WHAT YOU HAVE TO DO
Would you transcribe the entries below, beginning at the line with "My problems are" and ending after the line with "Caja de madera", exactly, with no picture and nothing more?

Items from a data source
•••

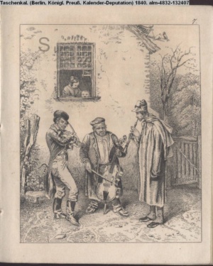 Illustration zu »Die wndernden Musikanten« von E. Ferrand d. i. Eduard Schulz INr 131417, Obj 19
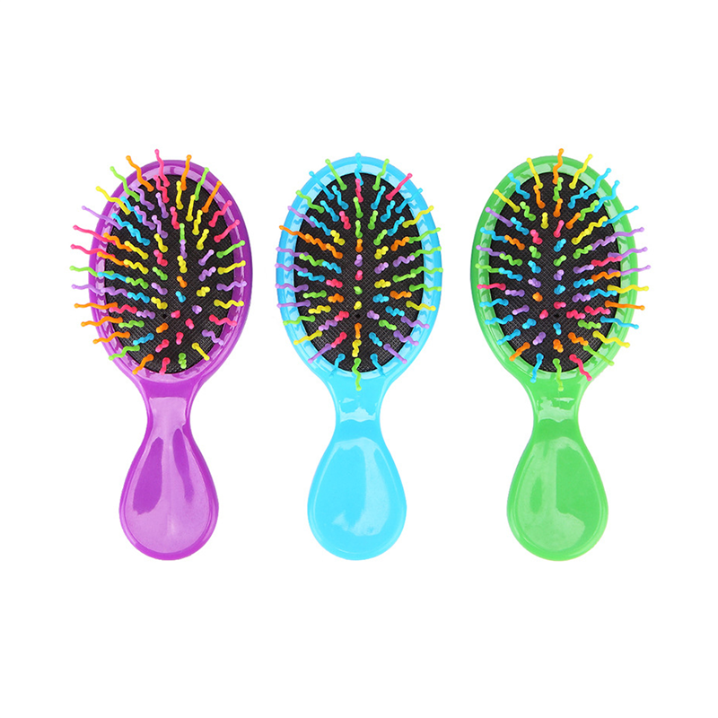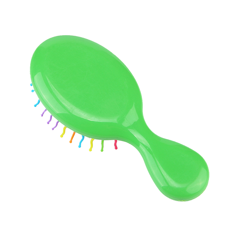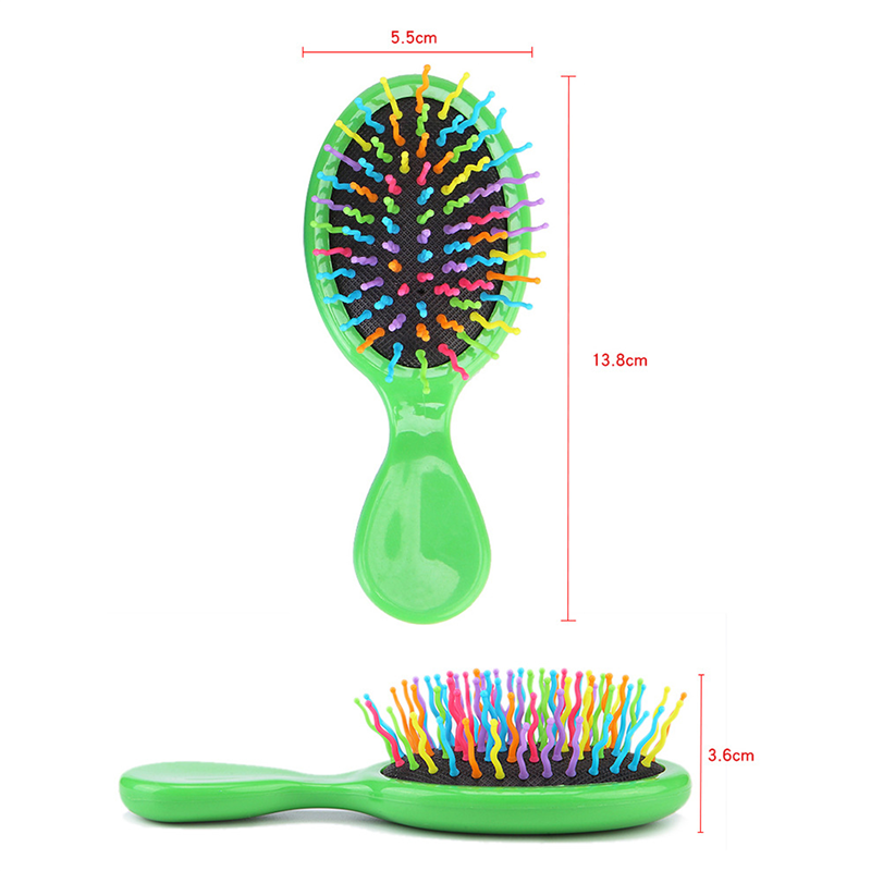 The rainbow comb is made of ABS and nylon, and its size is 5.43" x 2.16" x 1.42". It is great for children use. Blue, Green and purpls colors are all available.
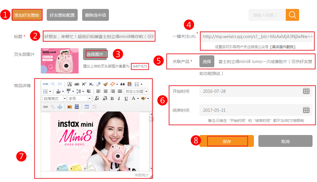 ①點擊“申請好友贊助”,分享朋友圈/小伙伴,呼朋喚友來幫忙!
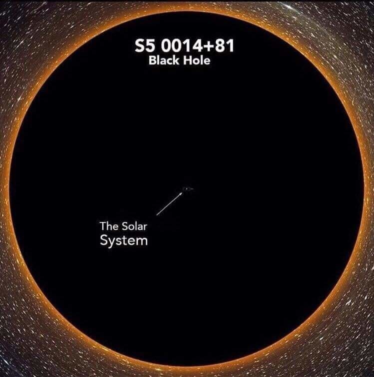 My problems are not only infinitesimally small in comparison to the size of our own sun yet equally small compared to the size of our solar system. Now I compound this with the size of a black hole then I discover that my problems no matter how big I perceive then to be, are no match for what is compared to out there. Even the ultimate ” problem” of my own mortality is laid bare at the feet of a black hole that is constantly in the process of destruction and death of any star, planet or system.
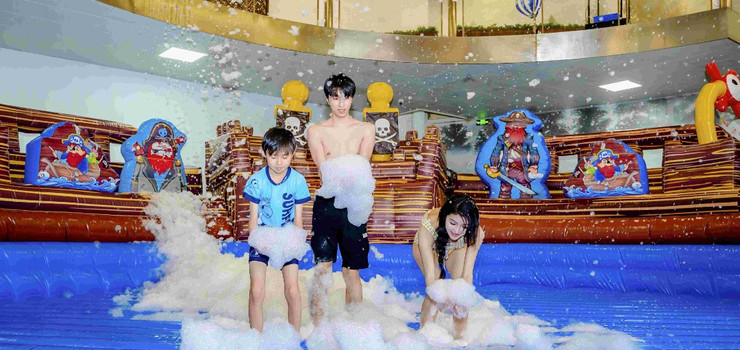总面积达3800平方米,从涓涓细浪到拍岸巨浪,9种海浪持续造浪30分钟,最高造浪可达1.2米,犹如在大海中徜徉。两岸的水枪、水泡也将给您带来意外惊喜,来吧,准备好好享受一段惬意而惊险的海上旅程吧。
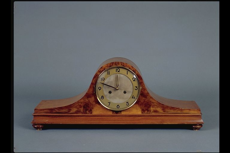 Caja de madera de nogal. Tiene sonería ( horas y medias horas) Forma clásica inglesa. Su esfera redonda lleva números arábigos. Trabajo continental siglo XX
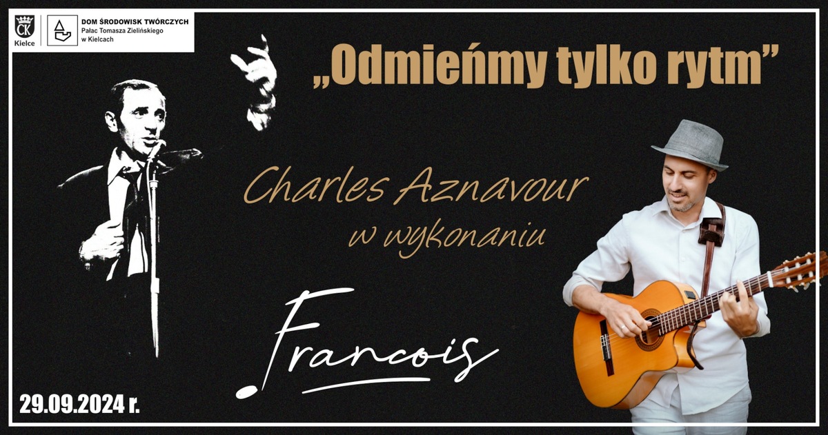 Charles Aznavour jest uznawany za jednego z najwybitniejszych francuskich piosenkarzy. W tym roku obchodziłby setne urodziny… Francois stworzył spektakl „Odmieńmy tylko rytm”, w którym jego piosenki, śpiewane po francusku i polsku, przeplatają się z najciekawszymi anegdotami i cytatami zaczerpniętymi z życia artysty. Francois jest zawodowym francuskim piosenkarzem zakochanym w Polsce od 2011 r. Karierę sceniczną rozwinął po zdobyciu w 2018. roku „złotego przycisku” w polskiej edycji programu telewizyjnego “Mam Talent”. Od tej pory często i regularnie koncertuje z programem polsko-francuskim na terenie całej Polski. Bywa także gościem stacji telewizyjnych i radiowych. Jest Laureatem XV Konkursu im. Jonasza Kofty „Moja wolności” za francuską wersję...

•••

EXERCISE OUTPUT
 My problems are not only infinitesimally small in comparison to the size of our own sun yet equally small compared to the size of our solar system. Now I compound this with the size of a black hole then I discover that my problems no matter how big I perceive then to be, are no match for what is compared to out there. Even the ultimate ” problem” of my own mortality is laid bare at the feet of a black hole that is constantly in the process of destruction and death of any star, planet or system.
总面积达3800平方米,从涓涓细浪到拍岸巨浪,9种海浪持续造浪30分钟,最高造浪可达1.2米,犹如在大海中徜徉。两岸的水枪、水泡也将给您带来意外惊喜,来吧,准备好好享受一段惬意而惊险的海上旅程吧。
 Caja de madera de nogal. Tiene sonería ( horas y medias horas) Forma clásica inglesa. Su esfera redonda lleva números arábigos. Trabajo continental siglo XX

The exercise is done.